Combinatorics: Number of ways to make 1500 dollars

Question

I have 50 bills of 20\$ and 20 bills of 50\$ and 10 bills of 100\$. With how many ways a bank machine could make the 1500\$ ?

what I think is :as the cofficient of $x^{1500}$ in $(1+x+x^2+\ldots+x^{1000})^3$

Answer 1

First note that you can't have a lone \$50 bill - they must always be paired with another to make a multiple of \$100. Then the same applies to \$20 bills, except they need to appear in packs of $5$, again to make a \$100 bundle.

This simplifies the issue considerably, since now you have 3 stacks of $10$ items: \$100 bills, \$50 pairs, \$20 bundles, with each item worth \$100.

So now it's a division with limits. We can enumerate picking $15$ items from $3$ classes with $\binom {15+2}2$. Then we can remove all cases when we pick more of than one class than the $10$ allowed by allocating $11$ items to each class in turn and counting how we can divide the remaining $4$ items.

So the result is $\binom {17}{2}-3\binom {6}{2}$.

Answer 2

To keep numbers small let's divide the note values by $10$ so we have $50$ of $2$, $20$ of $5$ and $10$ of $10$ and want to make $150$. Because the other two denominations and the target amount are divisible by $5$, in all ways of making $150$ the number of $2$ notes must be a multiple of $5$, so effectively we have $10$ notes of $10$ but in a different kind – think different series of notes. Then, by the same logic, the number of $5$ notes used must be even, so it is like $10$ notes of $10$ in a third kind. Now we can divide note values by $10$ again, leading to the ultimate reduced question:

What is the number of integer solutions to $a+b+c=15$ where $0\le a,b,c\le10$?
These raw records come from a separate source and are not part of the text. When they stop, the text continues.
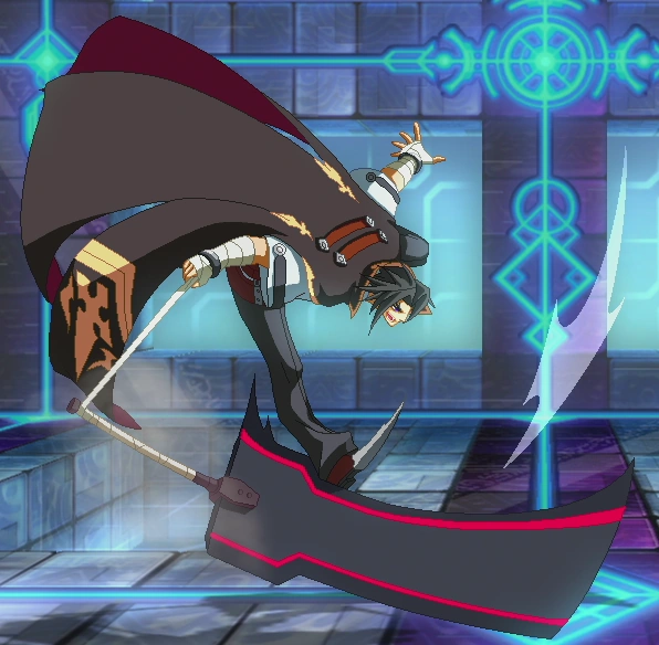 New move in Centralfiction. Kagura with dark energy swat-slashes below himself while in midair. Air combo finisher with a uniquely inverted charge motion (and causes Kagura to instantly take into the air when he performs this from the ground), and can be used as a followup input right after Ryūjinshō. Hits overhead and plummets on hit. Works as a way to get a hard knockdown on the opponent in order to setup for okizeme, though using it as a followup limits its damage quite a bit. However, using it out in the open is mainly for landing a hard read in the neutral.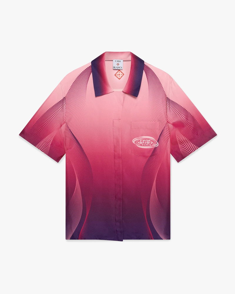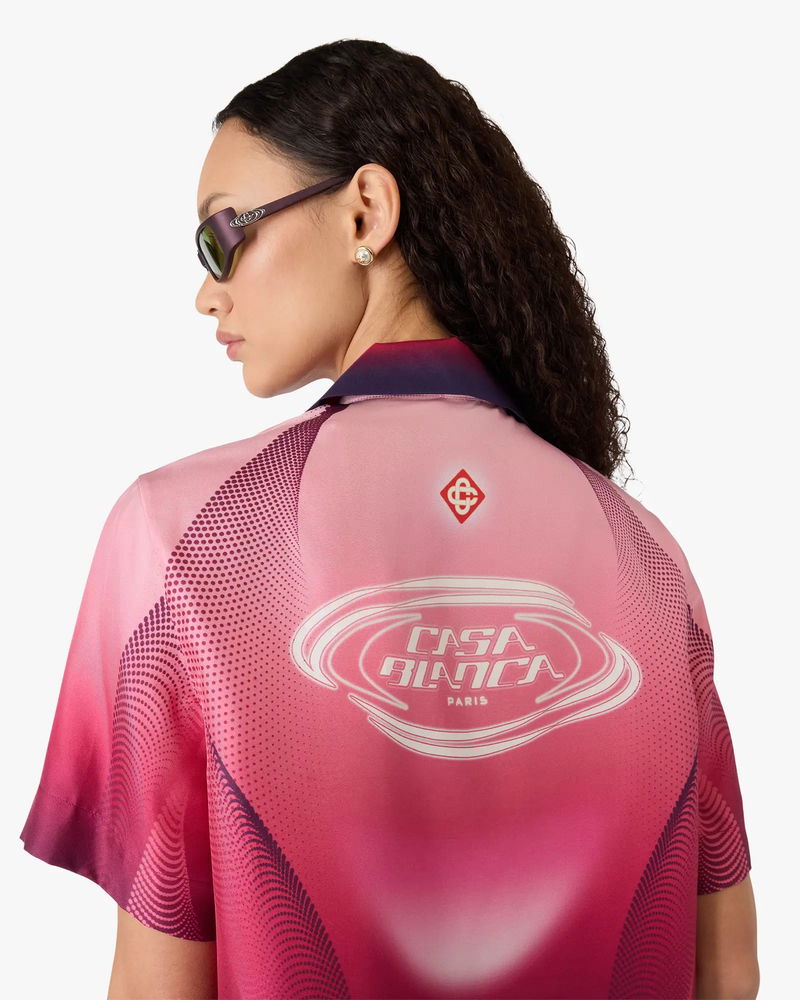 The pink gradient Cuban collar short-sleeve silk shirt is a printed design, featuring the season's gradient artwork emulating the rich colours from the aubergine with the house's warped logo and signature diamond logo. Completed with a Cuban collar, button closure, interlocking CC logo corozo buttons, and gradient edge detail on the collar, with a relaxed silhouette.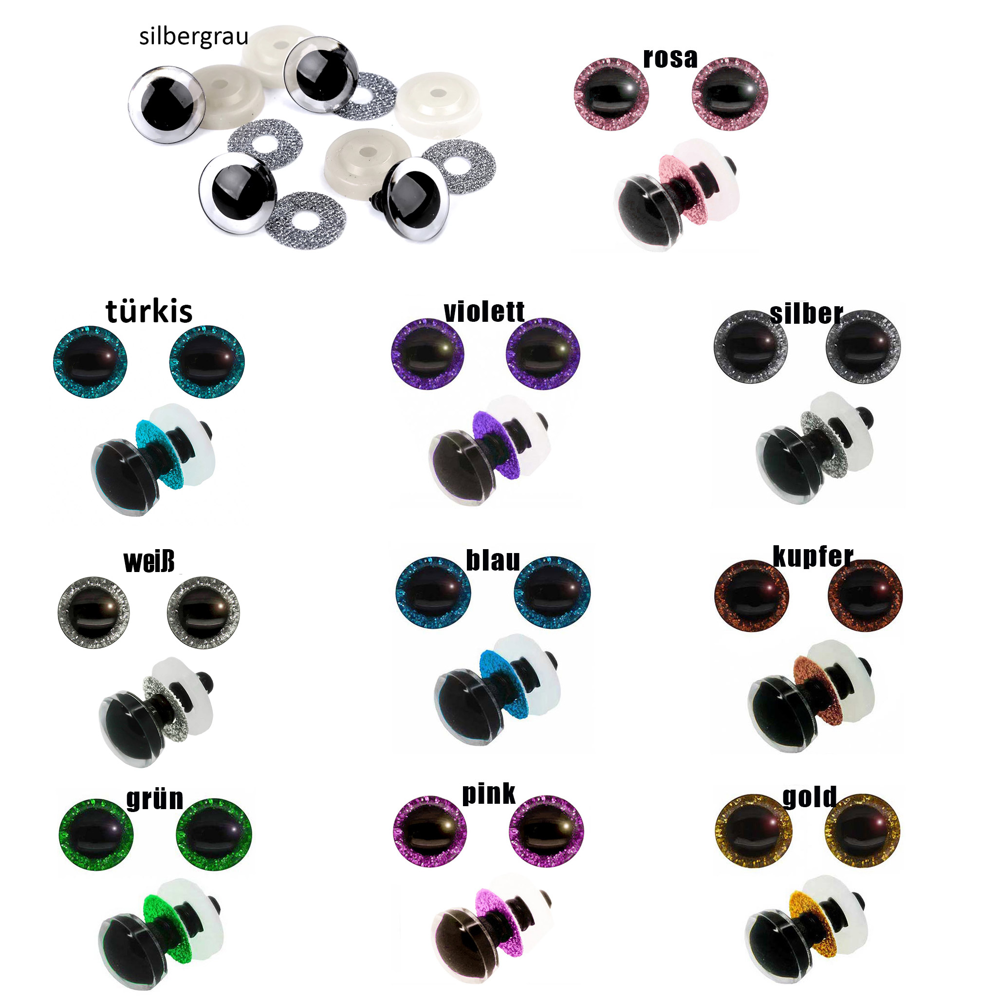 1 Paar Glitzer-Augen 12 - 40mm m. Gegenstück Sicherheitsaugen Amigurumis Kuscheltiere Teddy Variantenwahl

We count the number of ways with no upper limit on the variables, which is $\binom{15+3-1}{3-1}=136$, then subtract the number of ways where one of the variables is at least $10$: three times the number of nonnegative integer solutions to $a+b+c=4$, equalling $45$. Thus the final answer is $91$: there are $91$ ways for the ATM to dispense \$1500.